▶ _Exercise directions_:
Pictures appear among the records. Write out all else exactly as it stands.
***** Material provided *****
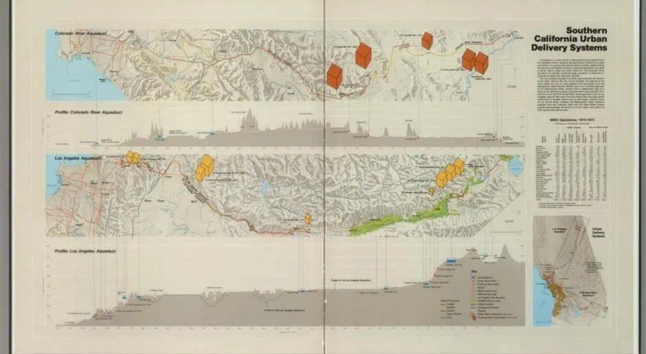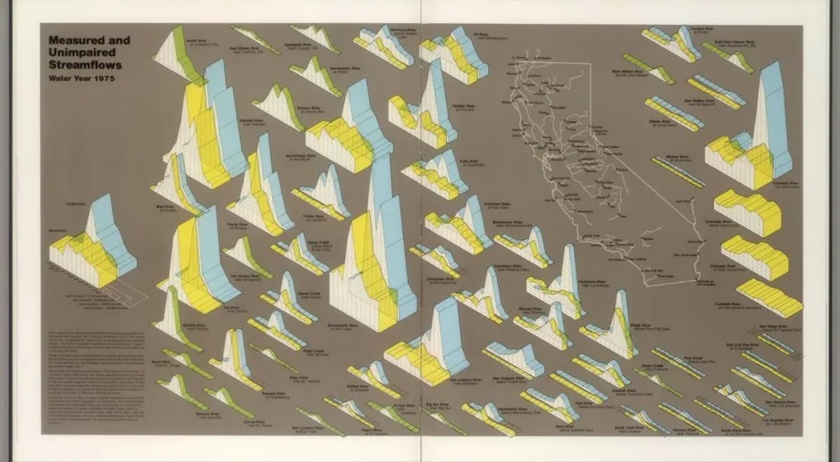 图片扫描由大卫·拉姆齐地图收藏提供。“这是一本具有里程碑意义的地图集,首次全面展示加利福尼亚州广泛的水系统在地理背景下的情况。它很庞大,有数百张地图和图表,以不同的方式讲述加利福尼亚的水故事。我常常说,试图将你拥有的每一条信息都塞进一张地图或可视化中是个错误;这个项目完美地证明了这一点。”
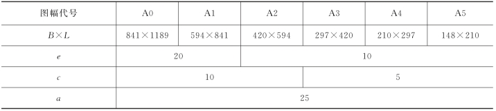 图纸幅面(简称图幅)即图纸的面积,图纸的短边×长边用B×L表示。制图标准规定了6种不同尺寸的基本图幅,如表1-2所示。绘制技术图样时,应优先选用基本幅面。
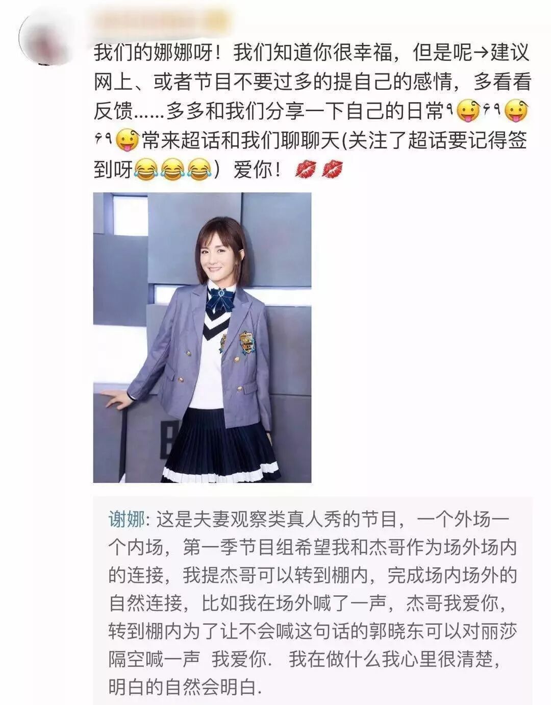 官方粉丝在超话给谢娜提建议,不要过多地提自己的感情。
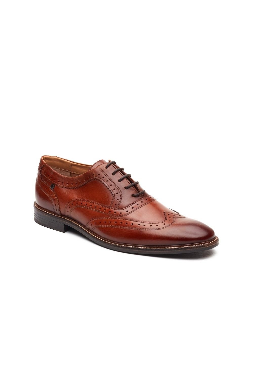 Stylish Base London men's brogue shoe in tan leather. Features a refined Oxford brogue design with Ortholite cushioning for all-day comfort. Ideal for formal and smart-casual occasions.
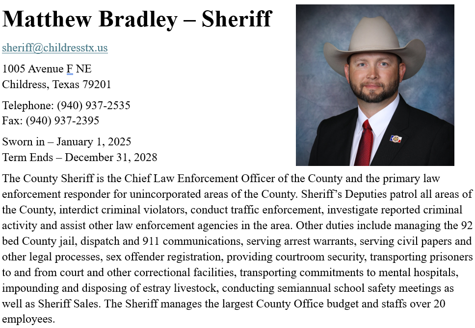 All records requests must be in writing. They may be delivered in person or by mail to 1005 Avenue F NW Childress Texas 79201, or by email sent to sheriff@childresstx.us.
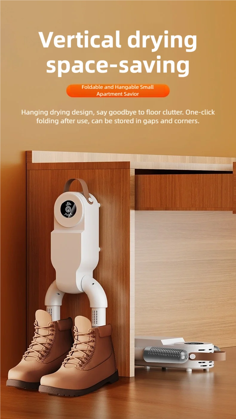 Keep your shoes and socks dry, fresh, and odor-free with this foldable touchscreen shoe dryer. Fast heating and hot air circulation sterilize, deodorize, and remove moisture—perfect for all shoe types and daily use.
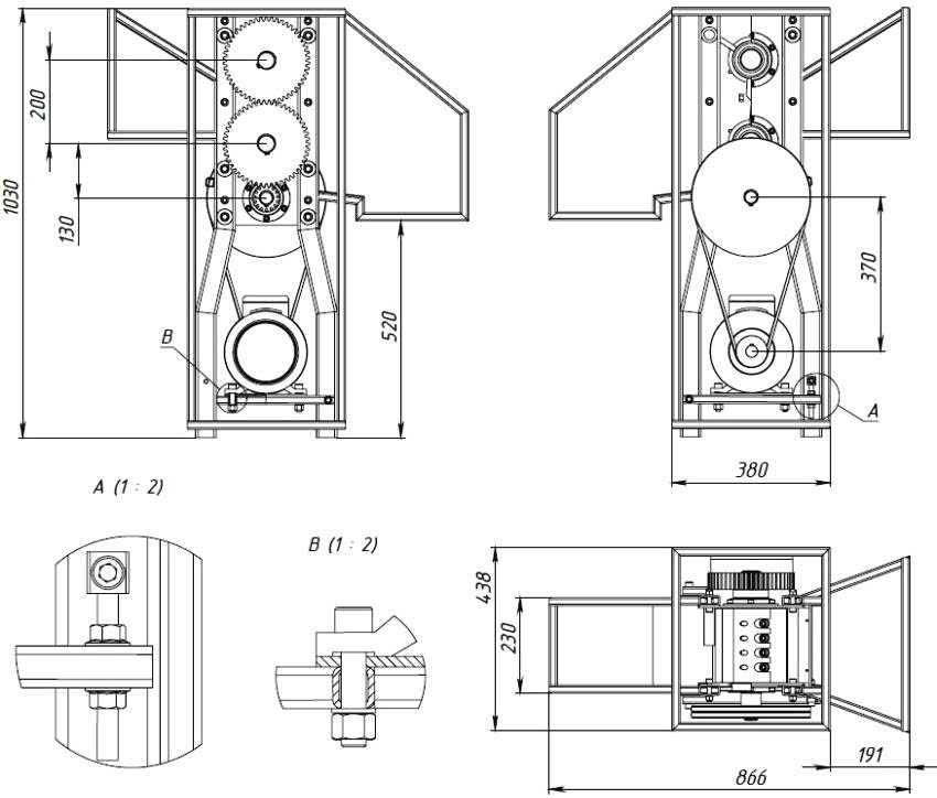 Теперь на валы надеваются шестеренки, для синхронизации движения, и вся конструкция устанавливается на раму и закрепляется при помощи болтов. Затем устанавливается двигатель, который соединяется с валом ременной передачей или цепью. Двигатель лучше брать большой мощности, но с малым числом оборотов. В конце устанавливается и закрепляется приемный бункер. Затем на все вращающиеся части шредера надевается защитный кожух во избежание попадания в измельчитель посторонних предметов.
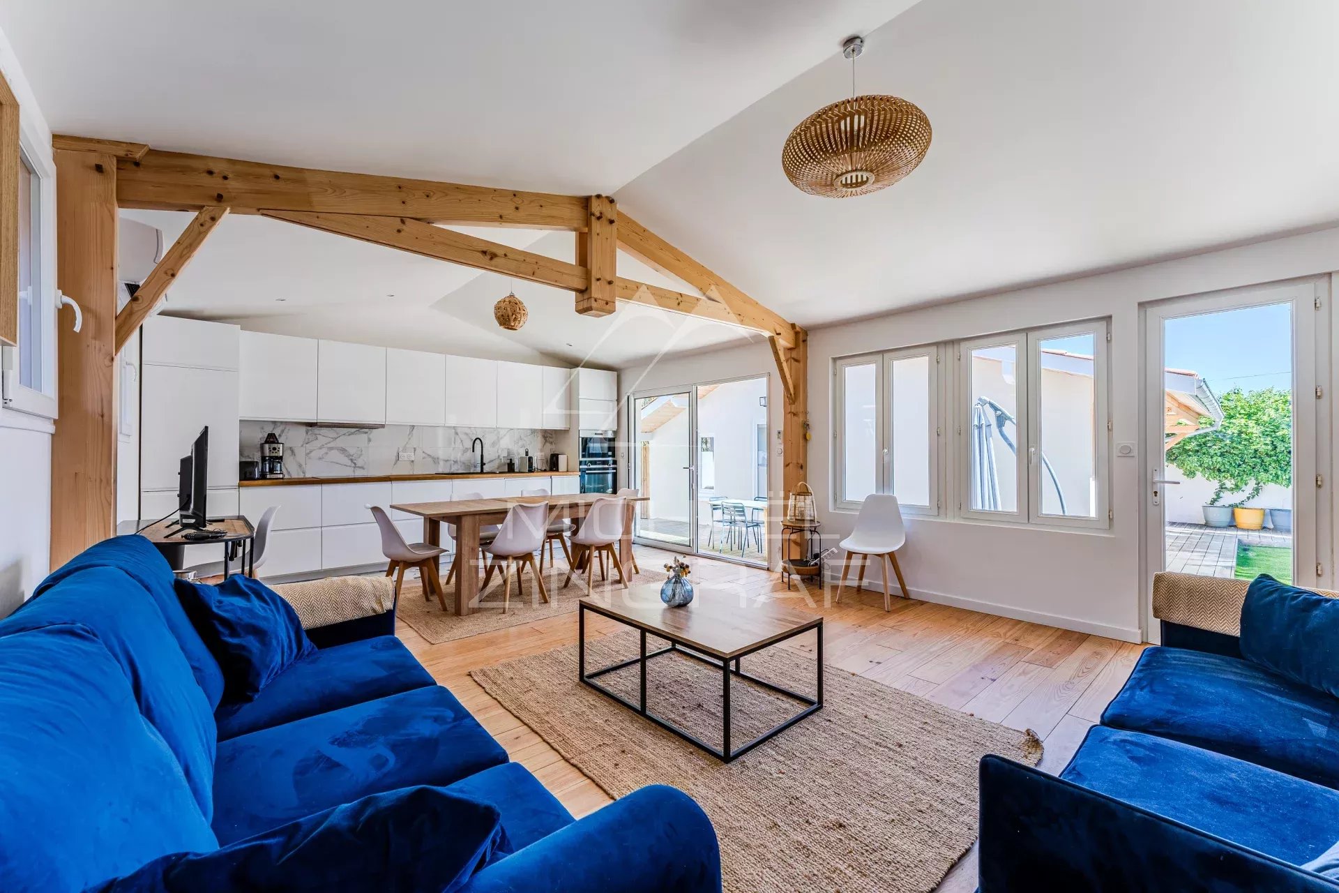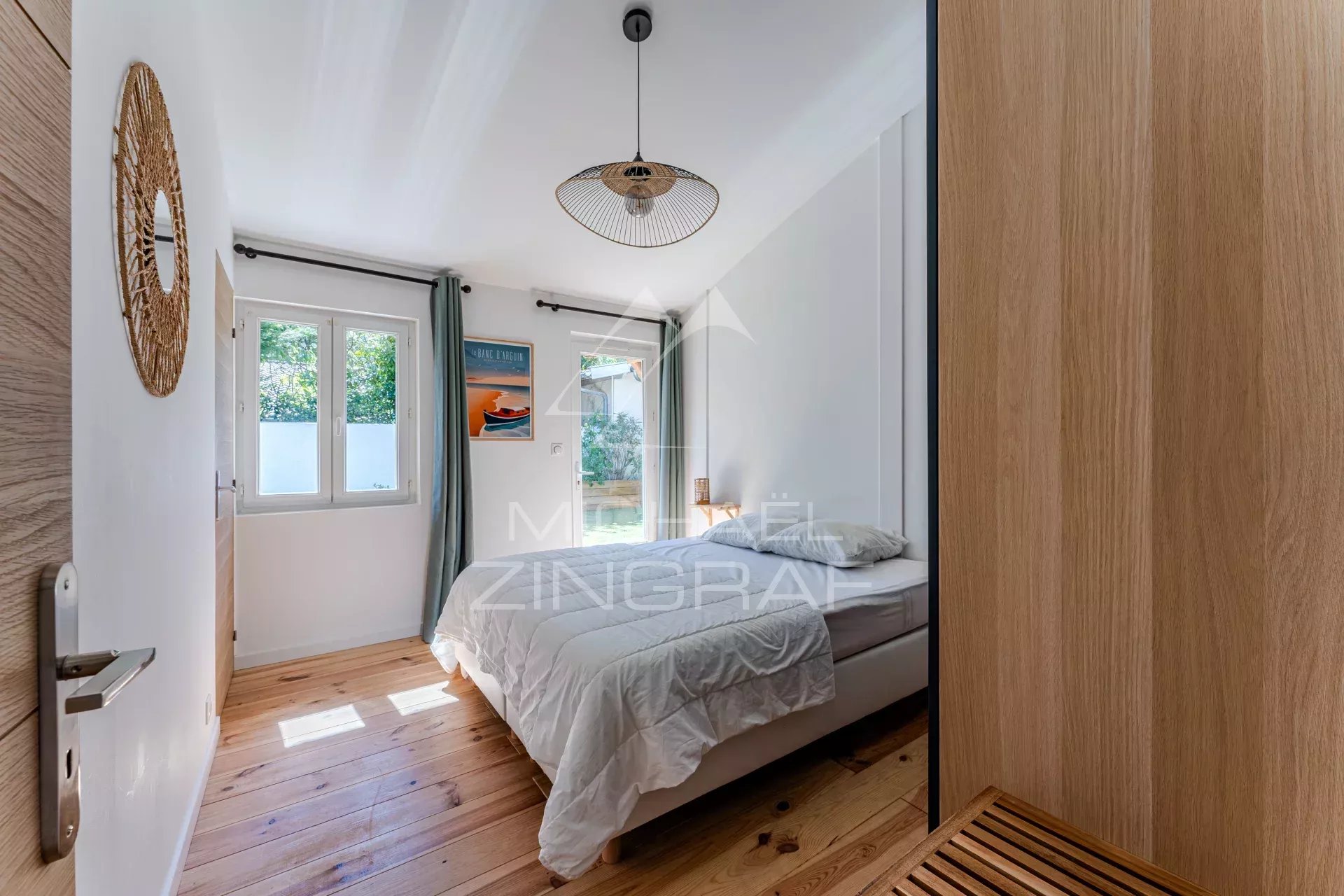 Michael Zingraf Real Estate vous présente cette opportunité, idéalement située au calme, à quelques minutes à pied de la plage Péreire et des commerces, dans l’un des quartiers les plus prisés du Bassin. Cet ensemble immobilier de charme se compose d’une maison principale aux volumes généreux, offrant un séjour cathédrale baigné de lumière avec cuisine ouverte, une chambre avec une salle d’eau attenante et wc indépendant. Un second bâti indépendant accueille deux chambres confortables, deux coins nuit supplémentaires, une salle de bains, une salle d’eau et un wc indépendant. Enfin, une troisième unité indépendante offre une chambre avec sa propre salle d’eau et ses toilettes, pour un confort optimal et une parfaite autonomie. À l’extérieur, une agréable terrasse et un coin jardin complètent ce bien, offrant un cadre de vie paisible à quelques minutes à pied de la plage. Un lieu unique, idéal pour une résidence familiale, un pied-à-terre de vacances au cœur du Bassin d’Arcachon ou un projet locatif.
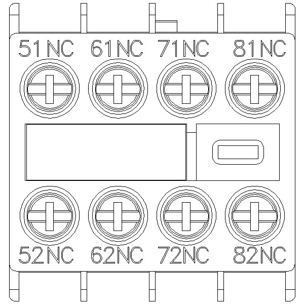 Apukosketin edessä, 4 NC Virtapolku 1 NC, 1 NC, 1 NC, 1 NC kontaktorireleille Koko S00 ruuviliitin 51/52, 61/62, 71/72, 81/82 Fyysisesti koodattu; vain kontaktorireleillä 3RH2140* ja 3RH2440* voidaan yhdistää (EN 50011 mukaan)
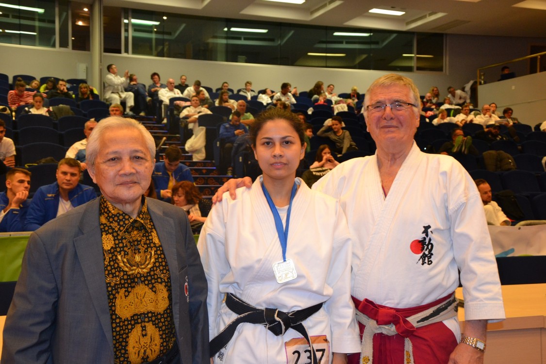Diana Soebajová - 1.místo fukugo ženy Fudokan Karate, společné foto s trenérem a Dr.Ilijou Jorgou, prezidendem WFF
*****
▶ _Written response_:
 图片扫描由大卫·拉姆齐地图收藏提供。“这是一本具有里程碑意义的地图集,首次全面展示加利福尼亚州广泛的水系统在地理背景下的情况。它很庞大,有数百张地图和图表,以不同的方式讲述加利福尼亚的水故事。我常常说,试图将你拥有的每一条信息都塞进一张地图或可视化中是个错误;这个项目完美地证明了这一点。”
 图纸幅面(简称图幅)即图纸的面积,图纸的短边×长边用B×L表示。制图标准规定了6种不同尺寸的基本图幅,如表1-2所示。绘制技术图样时,应优先选用基本幅面。
 官方粉丝在超话给谢娜提建议,不要过多地提自己的感情。
 Stylish Base London men's brogue shoe in tan leather. Features a refined Oxford brogue design with Ortholite cushioning for all-day comfort. Ideal for formal and smart-casual occasions.
 All records requests must be in writing. They may be delivered in person or by mail to 1005 Avenue F NW Childress Texas 79201, or by email sent to sheriff@childresstx.us.
 Keep your shoes and socks dry, fresh, and odor-free with this foldable touchscreen shoe dryer. Fast heating and hot air circulation sterilize, deodorize, and remove moisture—perfect for all shoe types and daily use.
 Теперь на валы надеваются шестеренки, для синхронизации движения, и вся конструкция устанавливается на раму и закрепляется при помощи болтов. Затем устанавливается двигатель, который соединяется с валом ременной передачей или цепью. Двигатель лучше брать большой мощности, но с малым числом оборотов. В конце устанавливается и закрепляется приемный бункер. Затем на все вращающиеся части шредера надевается защитный кожух во избежание попадания в измельчитель посторонних предметов.
 Michael Zingraf Real Estate vous présente cette opportunité, idéalement située au calme, à quelques minutes à pied de la plage Péreire et des commerces, dans l’un des quartiers les plus prisés du Bassin. Cet ensemble immobilier de charme se compose d’une maison principale aux volumes généreux, offrant un séjour cathédrale baigné de lumière avec cuisine ouverte, une chambre avec une salle d’eau attenante et wc indépendant. Un second bâti indépendant accueille deux chambres confortables, deux coins nuit supplémentaires, une salle de bains, une salle d’eau et un wc indépendant. Enfin, une troisième unité indépendante offre une chambre avec sa propre salle d’eau et ses toilettes, pour un confort optimal et une parfaite autonomie. À l’extérieur, une agréable terrasse et un coin jardin complètent ce bien, offrant un cadre de vie paisible à quelques minutes à pied de la plage. Un lieu unique, idéal pour une résidence familiale, un pied-à-terre de vacances au cœur du Bassin d’Arcachon ou un projet locatif.
 Apukosketin edessä, 4 NC Virtapolku 1 NC, 1 NC, 1 NC, 1 NC kontaktorireleille Koko S00 ruuviliitin 51/52, 61/62, 71/72, 81/82 Fyysisesti koodattu; vain kontaktorireleillä 3RH2140* ja 3RH2440* voidaan yhdistää (EN 50011 mukaan)
Diana Soebajová - 1.místo fukugo ženy Fudokan Karate, společné foto s trenérem a Dr.Ilijou Jorgou, prezidendem WFF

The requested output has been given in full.